We then had a fall out. Quite a spectacular one where I told he him we were done. He told me he was relieved
. We were both as bad as eachother. But I remember thinking that if he could be happier without me, that's what I wanted for him.
That's when I knew I loved him. I would rather not have him in my life, if that's what would make him happiest. I would take the hurt and eventually move on as long as he was Ok.
Anyway, he called me the next day and we made up.
Then I realised I couldnt do this anymore with him. He came round for breakfast the next morning we talked. From his point of view the fallout happened because he was edge that I was just sleeping with him until I found someone I did want to get in a relationship with. He thought lt I would just walk away one day. I was stressed because I knew the path we were in would lead to disaster and the thought of losing him made me ill.

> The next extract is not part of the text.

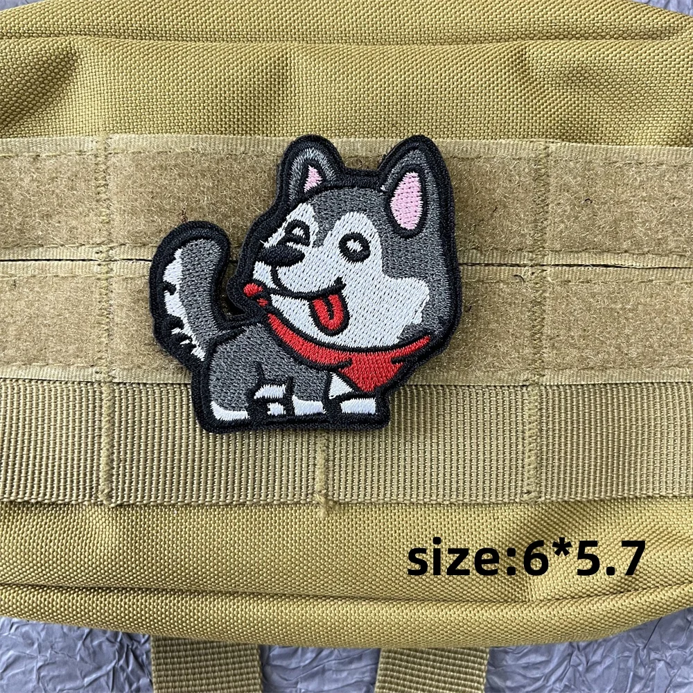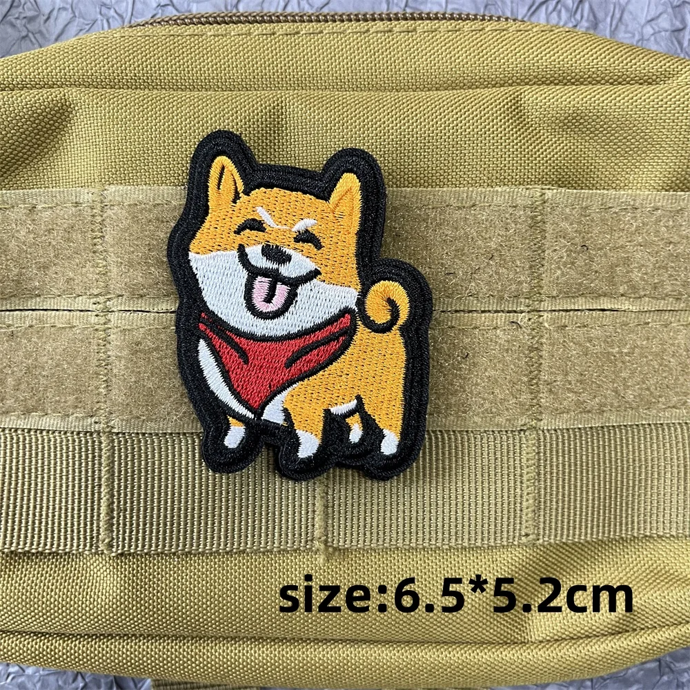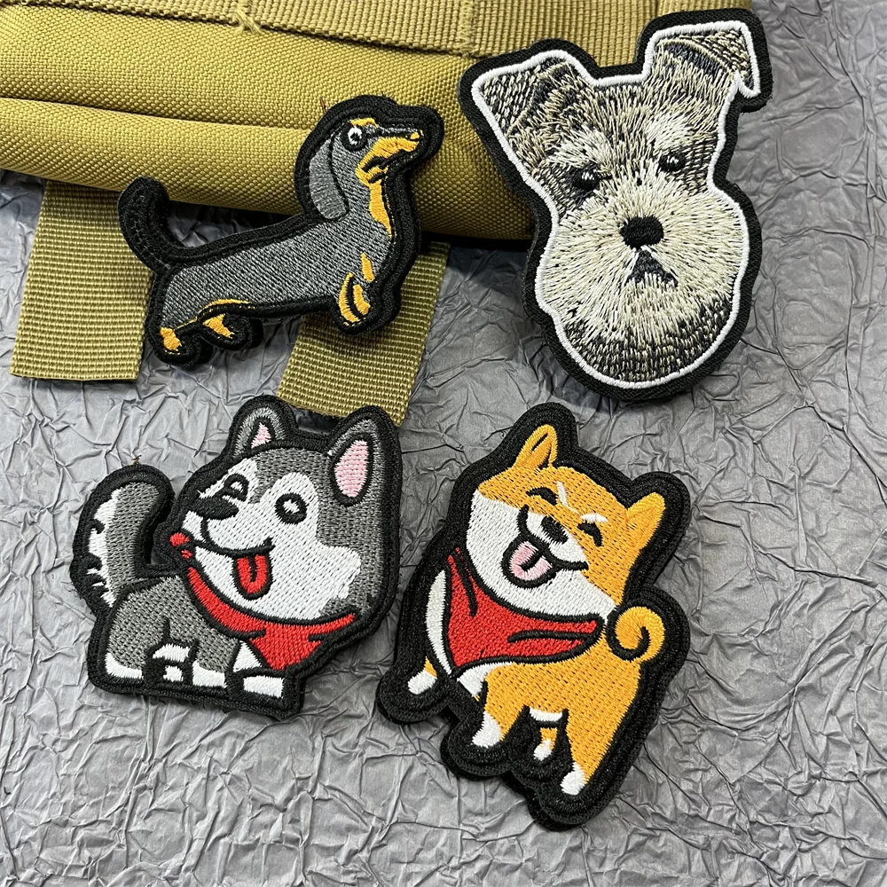 Parches de Anime de perro de dibujos animados, pegatina en ropa, parches bordados de gancho y bucle, mochila, insignias de perros bonitos

Anyway long story short, we no live together with my son. My son has always thought the world of him. My son also asked me why it took us so long to get together. 
I know it's a long post. But if you genuinely feel so strongly about him, something will have to give at some point. There will be a breaking point. It's better to speak up and tell him, than get to the point you cant be around him. The feeling probably wont go away on it's own.
Me and dp nearly lost eachother. Dont let that happen.